СП: Учитывая относительно небольшой сохранившийся сектор независимых медиа в России, видите ли вы возможность продолжать в этих условиях критическое освещение социальных проблем и неприятных для власти сюжетов (в том числе коррупции, неэффективности государственных органов, некомпетентности высоких должностных лиц), не подвергаясь при этом атакам со стороны государства? Существуют ли более рискованные и более безопасные стратегии для медиа в этом смысле?

НТ: Я считаю, что в текущей ситуации любое критическое освещение – это риск оказаться под атакой со стороны государства.

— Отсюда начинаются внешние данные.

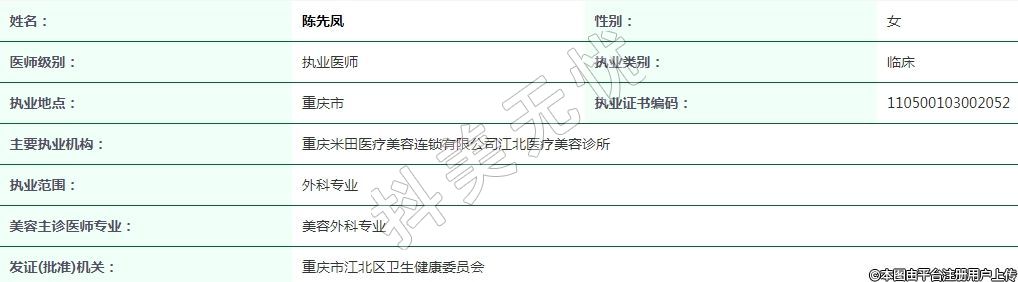 主要執(zhí)業(yè)機構(gòu):重慶米田醫(yī)療美容連鎖有限公司江北醫(yī)療美容診所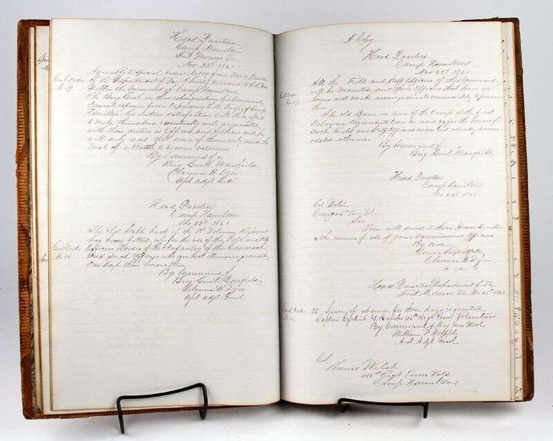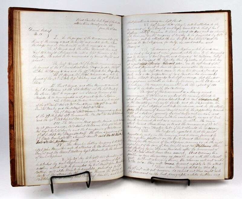 (American Civil War.) Manuscript Copy Book. 45th Pennsylvania Volunteer Infantry. Regimental orders, Oct 19, 1861 - Mar 15, 1863. Folio, orig sheep; occasionally scuffed. 262pp of ink entries. Internally clean.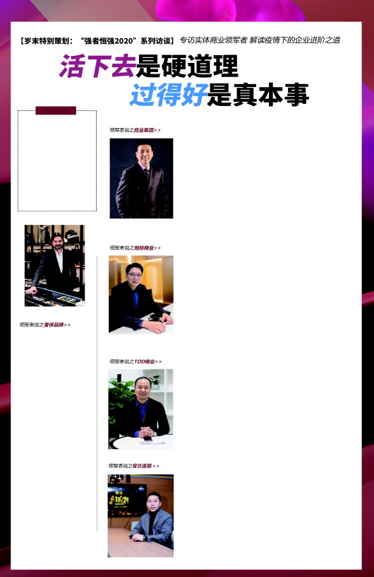过山车似的2020年,实体商业消费市场受到前所未有的冲击,一些根基不稳的企业被甩出赛道,黯然收场。但同时也有一些企业品牌,在与疫情“正面刚”的一年里,调整方向,苦练内功,修炼出了自身的“进阶术”,甚至化危为机,逆风破浪开新局,为未来开启了无限可能。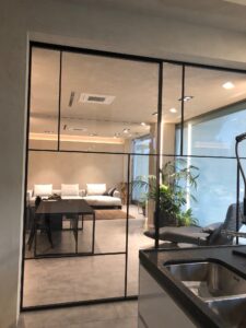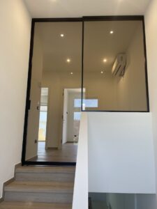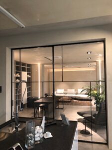 il vetro è perfettamente trasparente per una continuità dell’ambiente che va a dividere. Oppure stinato per schermare la vista.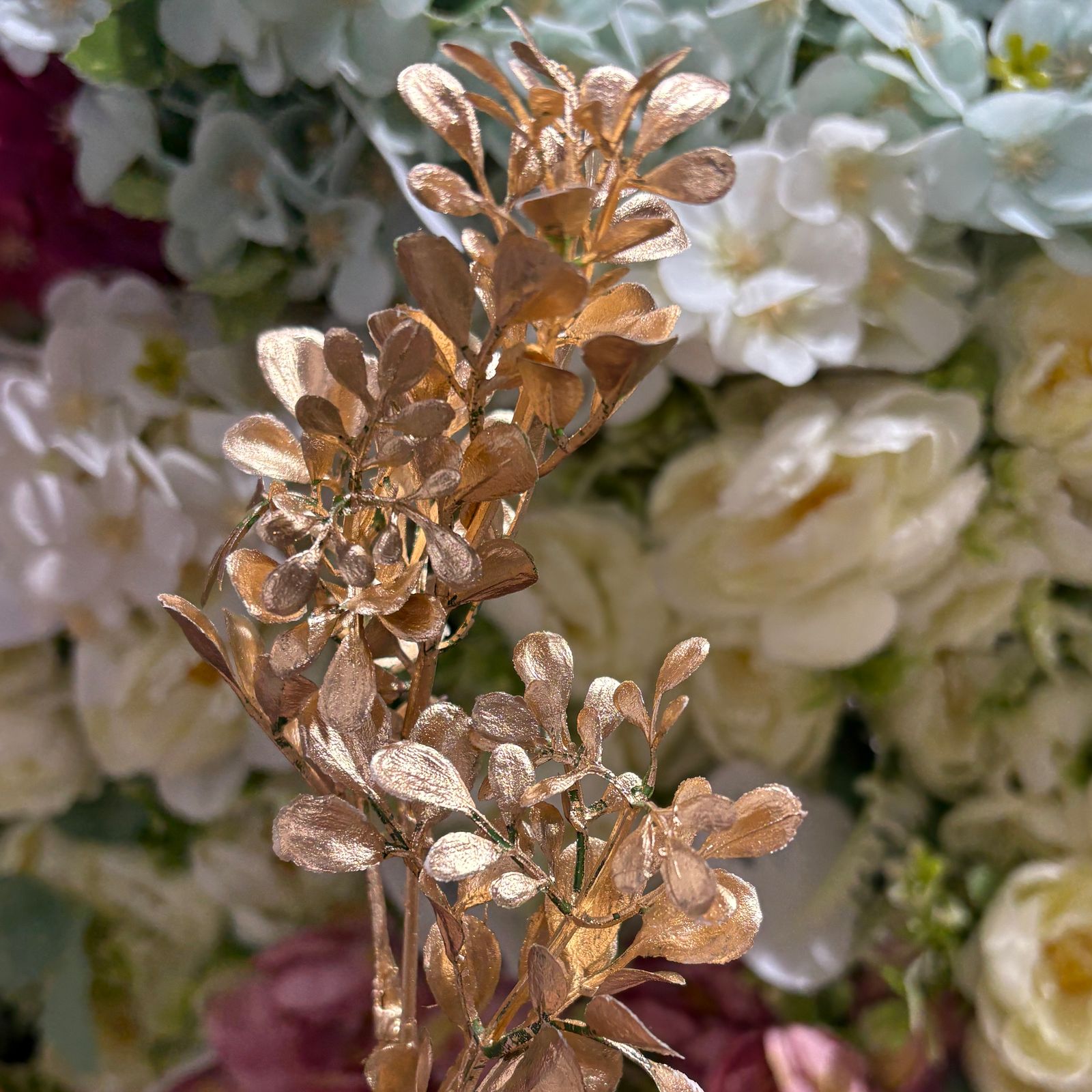 Colour- Golden, Material- Plastic & Steel Can be Bent Easily, Quantity – 7-8 stick in 1bunch, Usage – leaves and stem are fixed together quite strong

При этом, полагаю, критика положения в социальной сфере менее рискованна, чем критика государственной политики применительно к публичным акциям или же критика правоохранительной политики.

СП: В ситуации, когда многие читатели и зрители заявляют, что «вообще избегают плохих новостей», а крупные государственные медиа имеют почти неограниченные возможности бороться за аудиторию при помощи развлекательного контента, каким образом «социальные» медиа могут все же постараться привлечь и расширить аудиторию при освещении таких «тяжелых» тем, как политические преследования, жестокость полиции, несправедливость судов, тюремной системы?

НТ: Я думаю, больше писать об историях простых людей, не только о громких, известных фигурах, больше писать об успехах. Да, у нас все плохо, судебная система не работает должным образом, правоохранительная система стоит не на страже интересов общества, а на страже интересов тех, кто сейчас у власти, инакомыслие подавляется, экологических проблем огромное количество и т.п., но в каждой из этих сложных сфер НКО, активисты, инициативные группы добиваются отдельных успехов. Вот об этом надо больше и чаще писать, вытаскивать эти истории, рассказывать их, рассказывать о героях этих историй успеха, об их пути. Это, во-первых, повышает оптимизм; во-вторых, веру в то, что чего-то можно добиться; в-третьих, приводит к тому, что расширяется круг готовых начать борьбу за справедливость, за достоинство, за благоприятную и здоровую среду.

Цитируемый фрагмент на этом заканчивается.